Many machine learning algorithms work better when features are on a relatively similar scale and close to normally distributed. MinMaxScaler, RobustScaler, StandardScaler, and Normalizer are scikit-learn methods to preprocess data for machine learning. Which method you need, if any, depends on your model type and your feature values.

As often as these methods appear in machine learning workflows, I found it difficult to find information about which of them to use when. Commentators often use the terms scale, standardize, and normalize interchangeably. However, their are some differences and the four scikit-learn functions we will examine do different things.

### **What is Scale, Standardize and Normalize?**

* **Scale** generally means to change the range of the values. The shape of the distribution doesn’t change. Think about how a scale model of a building has the same proportions as the original, just smaller. That’s why we say it is drawn to scale. The range is often set at 0 to 1.

* **Standardize** generally means changing the values so that the distribution standard deviation from the mean equals one. It outputs something very close to a normal distribution. Scaling is often implied.

* **Normalize** can be used to mean either of the above things (and more!). I suggest you avoid the term normalize, because it has many definitions and is prone to creating confusion.

### **Why we need them?**
Many machine learning algorithms perform better or converge faster when features are on a relatively similar scale and/or close to normally distributed.

Scaling and standardizing can help features arrive in more digestible form for these algorithms.


## **How to scaling/standardize data?**
Standardization is a transformation that centers the data by removing the mean value of each feature and then scale it by dividing (non-constant) features by their standard deviation. After standardizing data the mean will be zero and the standard deviation one.

Standardization can drastically improve the performance of models. For instance, many elements used in the objective function of a learning algorithm (such as the RBF kernel of Support Vector Machines or the l1 and l2 regularizers of linear models) assume that all features are centered around zero and have variance in the same order. If a feature has a variance that is orders of magnitude larger than others, it might dominate the objective function and make the estimator unable to learn from other features correctly as expected.

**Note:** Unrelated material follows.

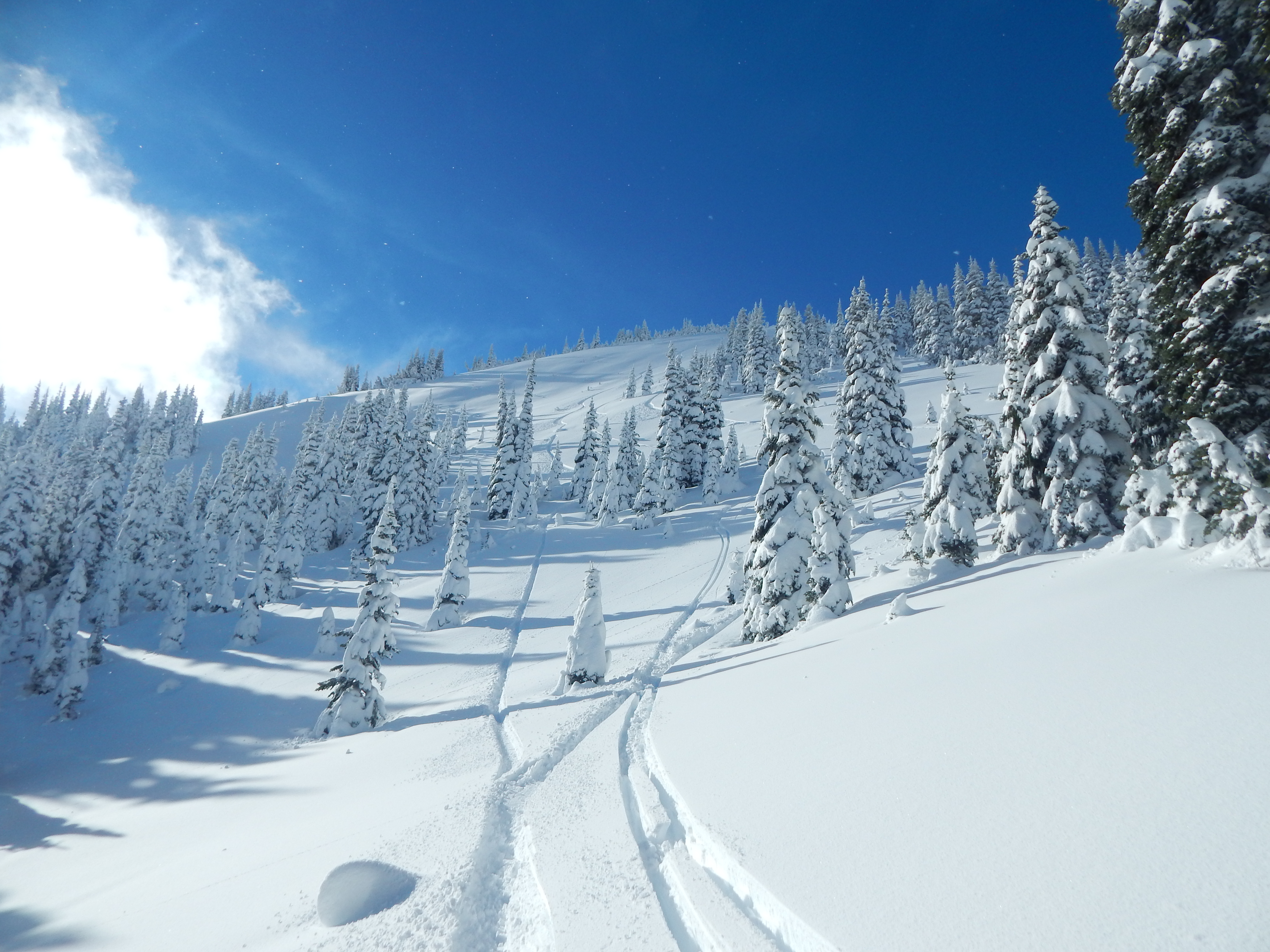 After regaining the ridge, we headed over to point 6479. On the way there, we got 2 small whoomphs while skinning just below the ridge at 6300 on a SE aspect. We hit the north slope cautiously knowing that it could have some wind loading, but nothing moved. Instead we got stellar powder turns in light snow that didnt have any solar impact. A great day out exploring areas around Bullion Basin!

Depending on your needs and data, sklearn provides a bunch of scalers: StandardScaler, MinMaxScaler, MaxAbsScaler and RobustScaler.


### **1. MinMaxScaler**
> The MinMaxScaler transforms features by **scaling each feature to a given range**. This range can be set by specifying the feature_range parameter (default at (0,1)). This scaler works better for cases where the distribution is not Gaussian or the standard deviation is very small. However, it is **sensitive to outliers**, so if there are outliers in the data, you might want to consider another scaler.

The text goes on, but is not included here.